Last modified: 2014-09-22 22:01:39 UTC
"Server admin log"[1] is updated by morebots (an irc + mediawiki bridge bot run from the wikitech linode instance). Via deployments scripts[2] on fenari, logmsgsbot outputs to irc prefixed with "!log " for morebots to pick up and save to the wiki. If freenode is not responding well or if netsplit separates these two bots from each other (happened again today...), during that time deployments are not logged.

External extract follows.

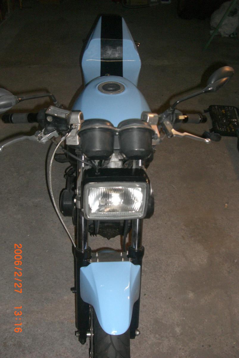 hab nach längerer Schrauberpause (wegen Nachwuchs und durch die Schwangerschaft meiner seeeehr launischen Frau) mal wieder ein bißchen Zeit, mich um die Mopete zu kümmern. Der erste Startversuch gestern ging schonmal nach hinten los. Dem Rattern des Starterrelais nach, vermute ich mal, daß die Batterie platt ist. Ein "Not"versuch mit einer 8 AH-Batterie brachte das gleiche Ergebnis. Naja, werd´s später mal mit überbrücken versuchen. Hier noch ein paar Fotos des aktuellen Stand der Dinge...

Couple options: * Have these bots run on the same server (e.g. both from fenari.wmnet or both from wikitech.linode) * Merge them into 1 bot (which would have to run from fenari in order to hook reliably into deployment scripts) * Have them communicate (also or only) directly to each other instead of via freenode (e.g. via some socket between the two servers). [1] http://wikitech.wikimedia.org/history/Server_admin_log [2] http://wikitech.wikimedia.org/view/bin
There's two separate use cases here: 1) Someone in -operations !log'ing something to the SAL. like "!log I'm going to shutdown tampa, watch out!" 2) Various scripts/tools on the cluster that log things to the SAL eg scap or git-deploy. Can we decouple these two use cases? It seems that passing #2 over an IRC server is bad design for all of the reasons stated. Proposal: * Use case #1 (logmsgbot) should log to Logstash directly in addition to the SAL (initially). * Use case #2 (scap, trebuchet, etc) should log to Logstash directly. * Add support to logmsgbot to announce log entries from Logstash that originated there. * We get rid of the wikitech SAL and create a nice looking public Logstash view. * Use case #1 no longer logs to SAL. No more stupidly large edit histories!
(In reply to Greg Grossmeier from comment #1) > * We get rid of the wikitech SAL and create a nice looking public Logstash > view. This is probably hard given the lack of ACLs in Logstash.